Good day, ladies and gentlemen. Welcome to the Big 5 Sporting Goods fourth-quarter 2020 earnings results conference call. Today’s call is being recorded. With us today are Mr.

Steve Miller, president and chief executive officer; and Mr.Barry Emerson, the chief financial officer of Big 5 Sporting Goods. At this time for opening remarks and introductions, I’d like to turn the conference over to Mr. Miller. Please, go ahead sir.

Steve MillerPresident and Chief Executive Officer

Thank you. Good afternoon, everyone. Welcome to our 2020 fourth-quarter conference call. Today, we will review our financial results for the fourth quarter of fiscal 2020, as well as provide an outlook for the first quarter of fiscal 2021.

I will now turn the call over to Barry to read our Safe Harbor statement.

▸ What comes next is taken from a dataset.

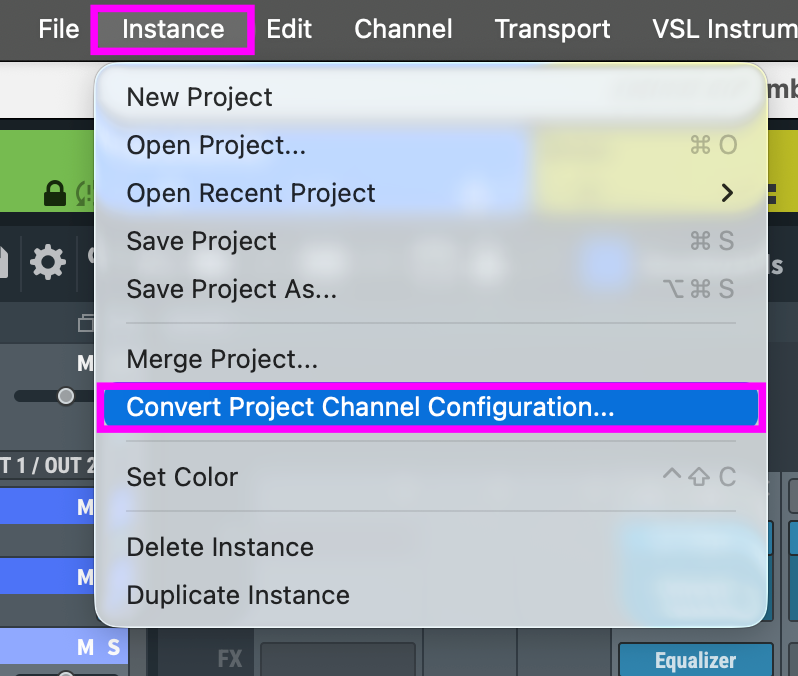 You can also convert a project/instance to a different channel configuration. This is a very useful option to convert a stereo project to any surround configuration: instead of opening a .vep file in the regular way, load the desired project using this conversion option.

Barry EmersonChief Financial Officer

Thanks, Steve. Except for statements of historical fact, any remarks that we may make about our future expectations, plans, and prospects constitute forward-looking statements made pursuant to the Safe Harbor provisions of the Private Securities Litigation Reform Act of 1995. Forward-looking statements involve known and unknown risks and uncertainties that may cause our actual results in current and future periods to differ materially from forecasted results. These risks and uncertainties include those more fully described in our annual reports on Form 10-K, our quarterly reports on Form 10-Q, and our other filings with the Securities and Exchange Commission.

We undertake no obligation to revise or update any forward-looking statements that may be made from time to time by us or on our behalf.

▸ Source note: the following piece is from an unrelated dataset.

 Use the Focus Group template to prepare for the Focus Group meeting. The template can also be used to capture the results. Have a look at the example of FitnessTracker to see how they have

Steve MillerPresident and Chief Executive Officer

Thank you, Barry. 2020 was a remarkable year for Big 5 Sporting Goods. Our strong fourth-quarter results highlight an exceptional 2020 in which we achieved record earnings driven by top-line sales growth, merchandise margin expansion, and an improved cost structure. This year’s performance enables us to meaningfully strengthen our balance sheet, which is reflected in increases in our dividend over the past year, including the most recent we announced today.

While 2020 presented a unique set of challenges, we successfully navigated the evolving environment by focusing on executing our model, which has built an offering a broad assortment of sporting goods products with a convenient shopping experience. Customers certainly recognize the value of our offerings and the convenience of familiarity of our stores as they look for ways to stay active and healthy in the face of the pandemic. We are pleased with all we accomplished in 2020 and we are even more excited by the prospect than many of the recreational and product trends initially driven by the pandemic will prove to be sustainable even as the disruption of the pandemic subsides. These trends are working in our favor now and we believe that many aspects will continue into the future.

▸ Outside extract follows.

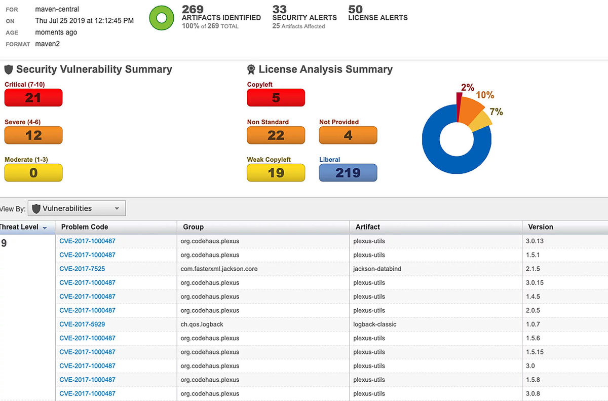 — Предотвращение общеизвестных, задекларированных уязвимостей и лицензионных рисков в компонентах Maven/Java, npm, NuGet, и PyPI;

Demand for home fitness products and other outdoor recreational activities remains strong. People have made significant investments in equipment for home gyms and have newly engaged perhaps reengaged in activities such as golf, tennis, hiking, camping, fishing among others. We believe that even once the world begins to normalize many customers will continue to pursue these activities and shop with us as they look to make further investments in their equipment. Importantly over the past year, we have expanded our customer base and we believe we are very much at the forefront of customers’ minds when it comes to sporting goods.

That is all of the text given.